High-performance functional Result types for .NET with explicit error handling. Features: Railway Oriented Programming, exhaustive pattern matching, Result with multiple specific error types (Result<TSuccess, TError1, TError2, ...>), source-generated semantic Match extensions, and TryGetError<T> for type-based error handling. No exceptions, zero allocations.
$ dotnet add package ResultlyHigh-performance functional Result types for .NET — explicit error handling without exceptions.
Resultly implements Railway Oriented Programming, providing type-safe error handling through discriminated unions. It eliminates the need for try-catch blocks and makes error paths explicit in your type system.

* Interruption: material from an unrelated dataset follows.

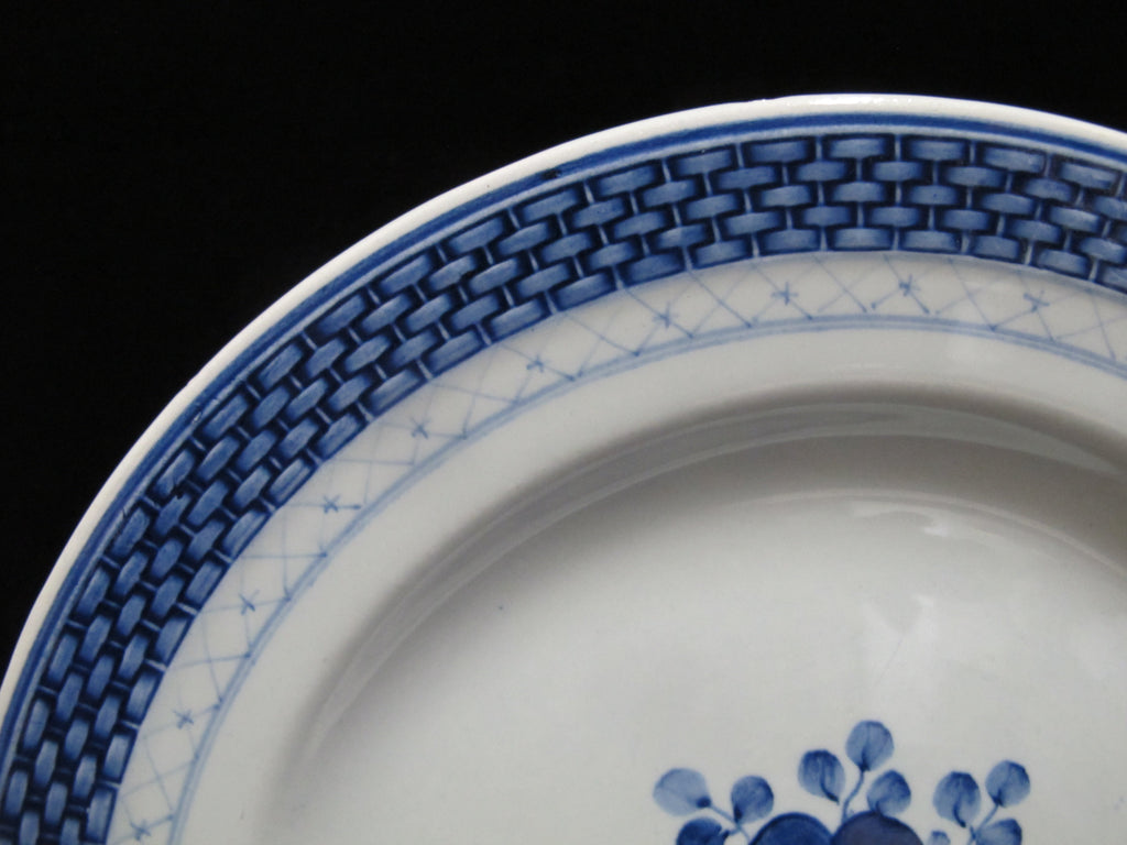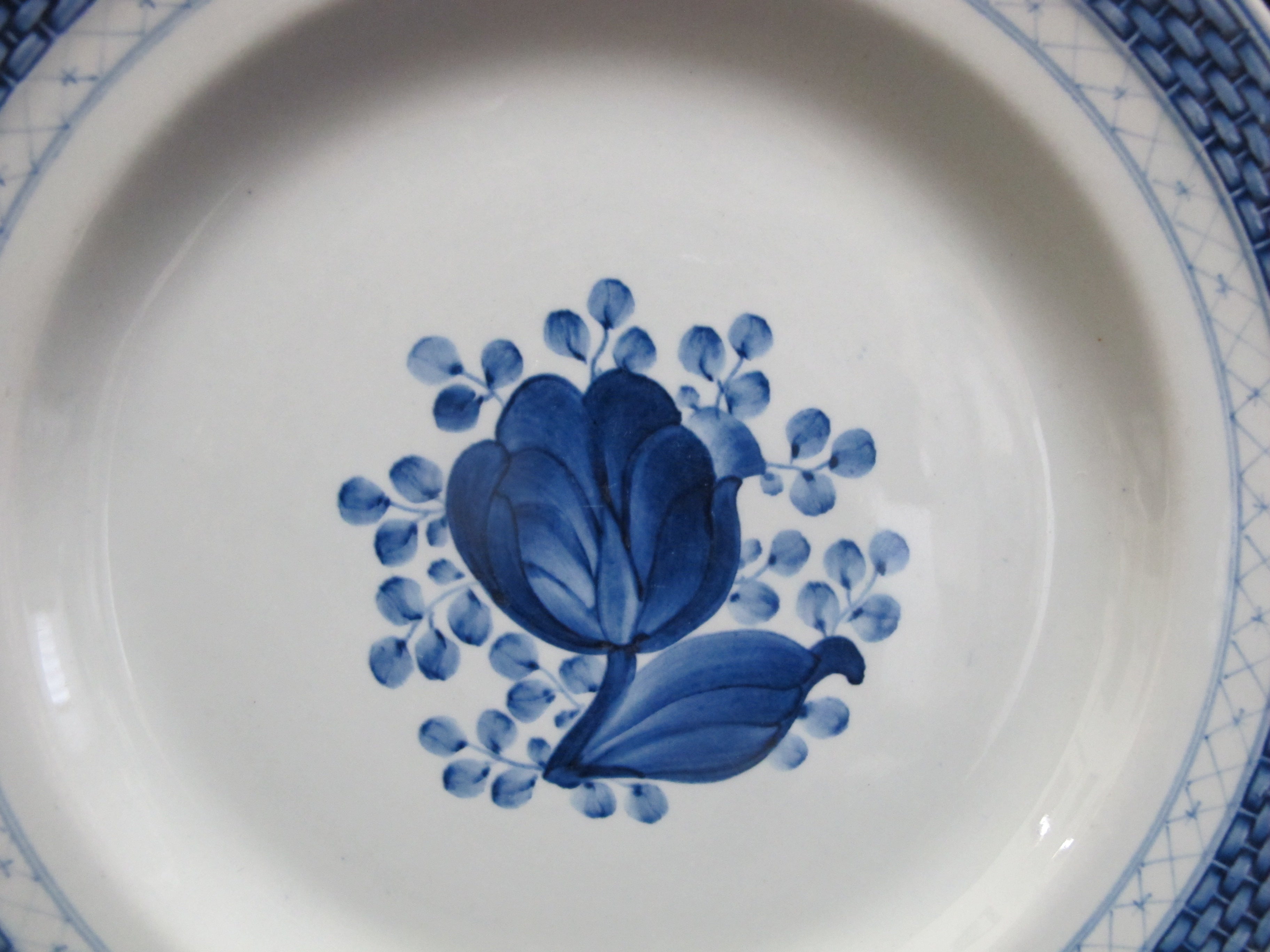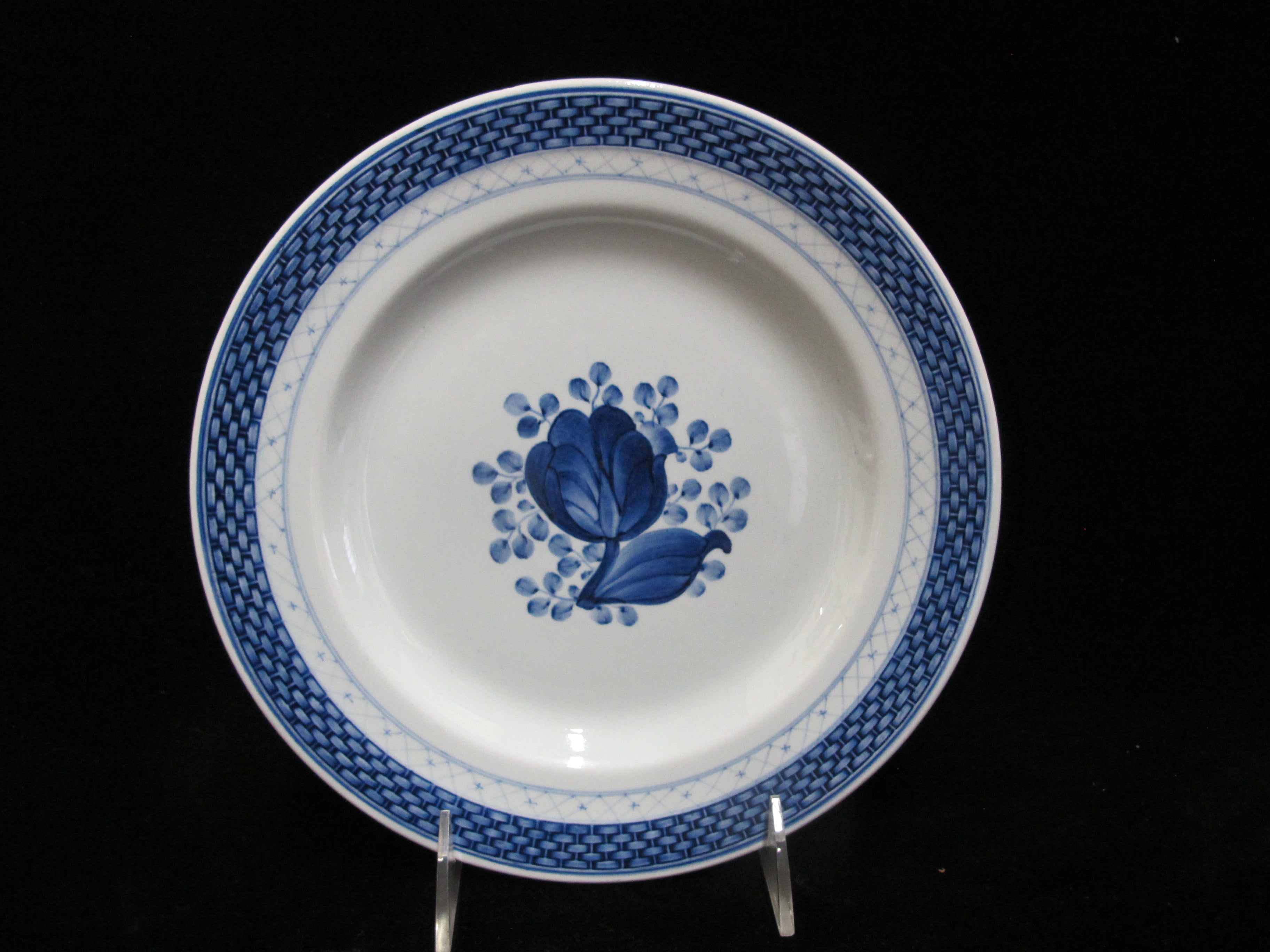 Royal Copenhagen, Denmark, Aluminia Faience Tranquebar blue pattern luncheon plate set of 3. Cobalt blue flower framed by basket weave design.

🚀 Zero allocation — struct-based design with aggressive inlining
🔒 Type-safe — closed type hierarchy with exhaustive pattern matching
🛤️ Railway Oriented Programming — compose operations that short-circuit on errors
⚡ Async/await support — full async variants of all operations
📦 Collection operations — Traverse, Sequence, Combine for working with multiple Results
🧩 Monadic — Map, Bind, Then, and other functional operators
🎯 Validation — Ensure and EnsureAll for domain validation
🔄 Error recovery — OrElse, Recover, and fallback mechanisms
🎭 Multiple Error Types — Result with up to 4 specific error types visible in signature
🧾 Canonical ResultError — Result<TSuccess> facade with structured errors (message/code/metadata)
🛡️ Diagnostics Guards — detect uninitialized Result<T> instances with sync/Task/ValueTask helpers
🏷️ Semantic Match — Source-generated semantic parameter names with sync and async overloads (works for Result and Task<Result> across every arity)
🔍 Type-Based Error Extraction — TryGetError<T>() for extracting errors by type
✨ Convenience helpers — AnyError / AnyErrorAsync and TryGetAnyError to quickly return or inspect any error from multi-error Result types without writing exhaustive Match at call sites
🔀 Pure Discriminated Unions — Either types for type-safe unions without success/error semantics, with descriptive onFirst/onSecond handlers and optional semantic names
Comprehensive — extensive XML documentation and 300+ tests with high code coverage
✅ 4-arity async-fluent MapErrors — full parity for 4-error Result types: you can fluently call WithError1Async/WithError2Async/WithError3Async/WithError4Async in any order to build mapping pipelines and then call ToEitherAsync(); note the mapping order is determined by the final builder shape (the builder arranges mapped slots in the resulting Either in a deterministic order based on which With* was applied).
🧰 MatchErrors convenience helpers — thin overloads such as result.MatchErrors(onError1, onError2) provide a compact way to map a selected subset of error slots directly to an Either<...> without manually composing the full fluent builder chain. Use these for ergonomic, concise error mappings in call sites and examples.
dotnet add package Resultly
Supports: .NET 9.0 | .NET 8.0 (LTS) | .NET Standard 2.1
An end-to-end sample console app lives in Examples/Resultly.ExampleApp. It is part of the solution for easy F5 debugging, yet it is marked as IsPackable=false so it never ships with the NuGet package. The app walks through synchronous/async pipelines, semantic matching, collection helpers, and pure Either unions using the new semantic match helpers. Build or run it directly to exercise the public surface:
dotnet run --project Examples/Resultly.ExampleApp/Resultly.ExampleApp.csproj
If you add new APIs, wiring them into this sample helps the compiler catch integration issues early.
using Resultly;
// Create Results using implicit conversions
Result<int, string> success = 42;
Result<int, string> failure = "Not found";
// Pattern matching
var message = success.Match(
onSuccess: value => $"Got {value}",
onError: error => $"Error: {error}"
);
Result<TSuccess> is a thin wrapper over Result<TSuccess, ResultError> that gives you a structured error payload (message, optional code, optional metadata) without having to declare a custom error type.
// Successful result
var quotient = Result<int>.Success(42);
// Structured failure (message + code + metadata)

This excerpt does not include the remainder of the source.